Comment 27 Zeeshan Ali 2012-05-08 15:13:45 UTC
Review of attachment 213676 [details] [review]:

Looks good. Just one nitpick about commit summary again: Please move 'and implement is_running over it' part to description and 'and' -> '&' to fit summary in ~50 cols.
Comment 28 Alexander Larsson 2012-05-08 15:22:50 UTC
commited.
Comment 29 Marc-Andre Lureau 2012-05-09 00:52:03 UTC
there is a regression that has been introduced

the screenshots are grayed in initial startup even if the VM is running
Comment 30 Alexander Larsson 2012-05-09 08:22:13 UTC
Thats likely from is_running moving to events, as thats what triggers that.

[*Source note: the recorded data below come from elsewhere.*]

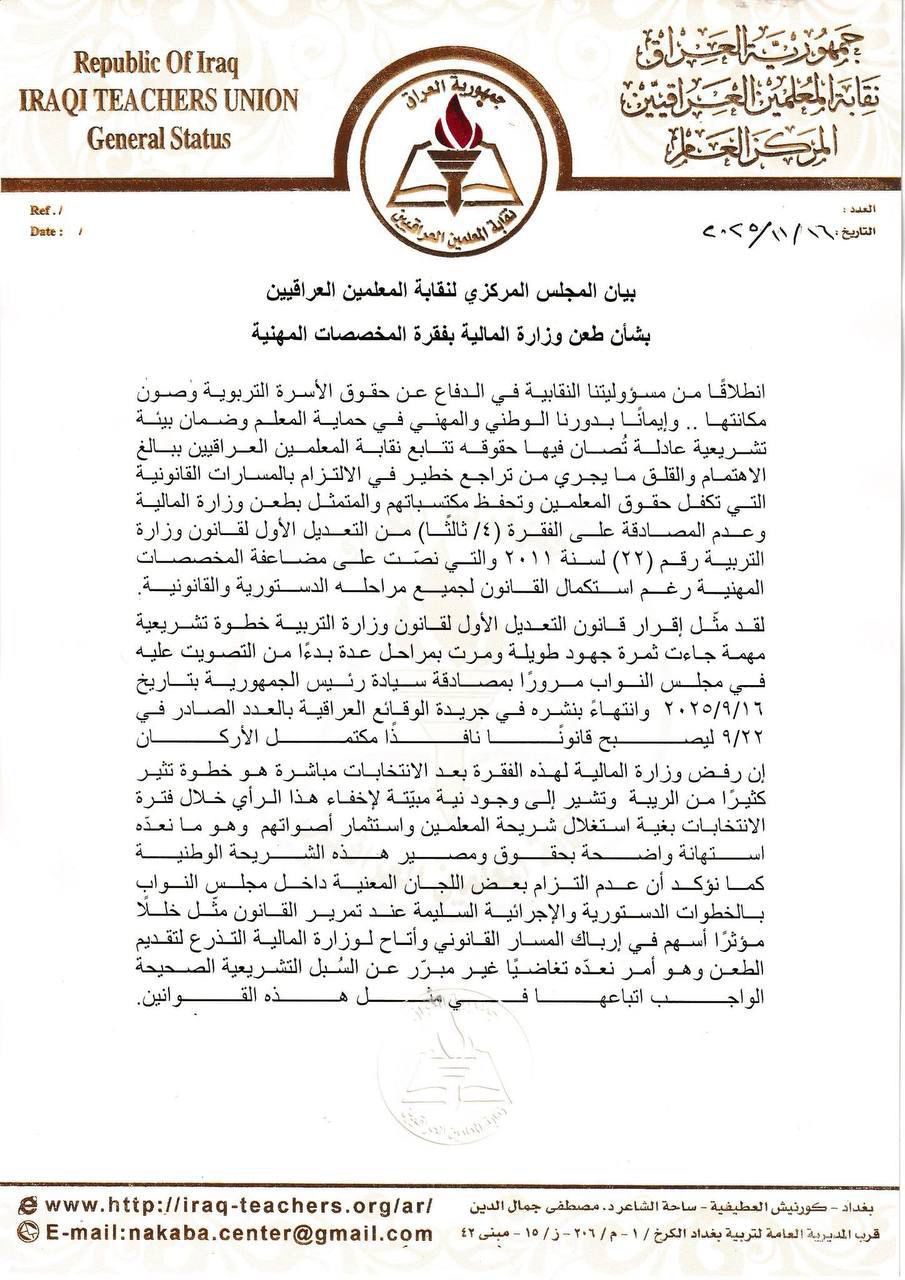 نقابة المعلمين تصعد خطواتها الاحتجاجية بعد طعن وزارة المالية بقانون التربية
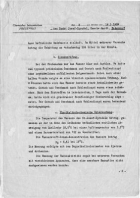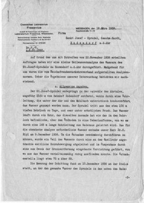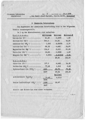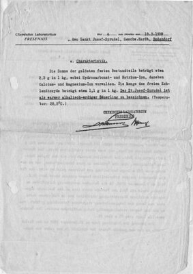 Heilwasseranalyse St. Josef-Sprudel aus dem Jahr 1939
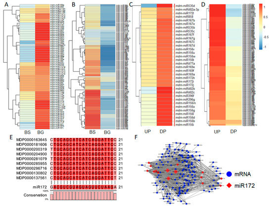 Heatmap analysis of differentially expressed miRNAs: (A) upregulated differentially expressed miRNAs in BS and BG; (B) downregulated differentially miRNAs in BS and BG; (C) upregulated differentially expressed miRNAs in UP and DP; and (D) downregulated differentially expressed miRNAs in UP and DP; (E) multiple alignment of miR172 target sites of AP2 gene family; (F) target network of miRNA172 family with its target genes.

Will look into it.
Comment 31 Alexander Larsson 2012-05-09 12:45:40 UTC
Created attachment 213735 [details] [review]
Init Machine.state in constructor, not later

We need this early on to see whether to show the screenshot as running or not on startup.
Comment 32 Marc-Andre Lureau 2012-05-09 12:54:50 UTC
Review of attachment 213735 [details] [review]:

ack, thanks
Comment 33 Zeeshan Ali 2012-05-10 14:49:16 UTC
This bug is fixed now?
Comment 34 Zeeshan Ali 2012-05-14 21:47:16 UTC
(In reply to comment #33)
> This bug is fixed now?

I assume the answer is 'yes' since all patches have been committed and I dont see any pending issues.. Feel free to correct.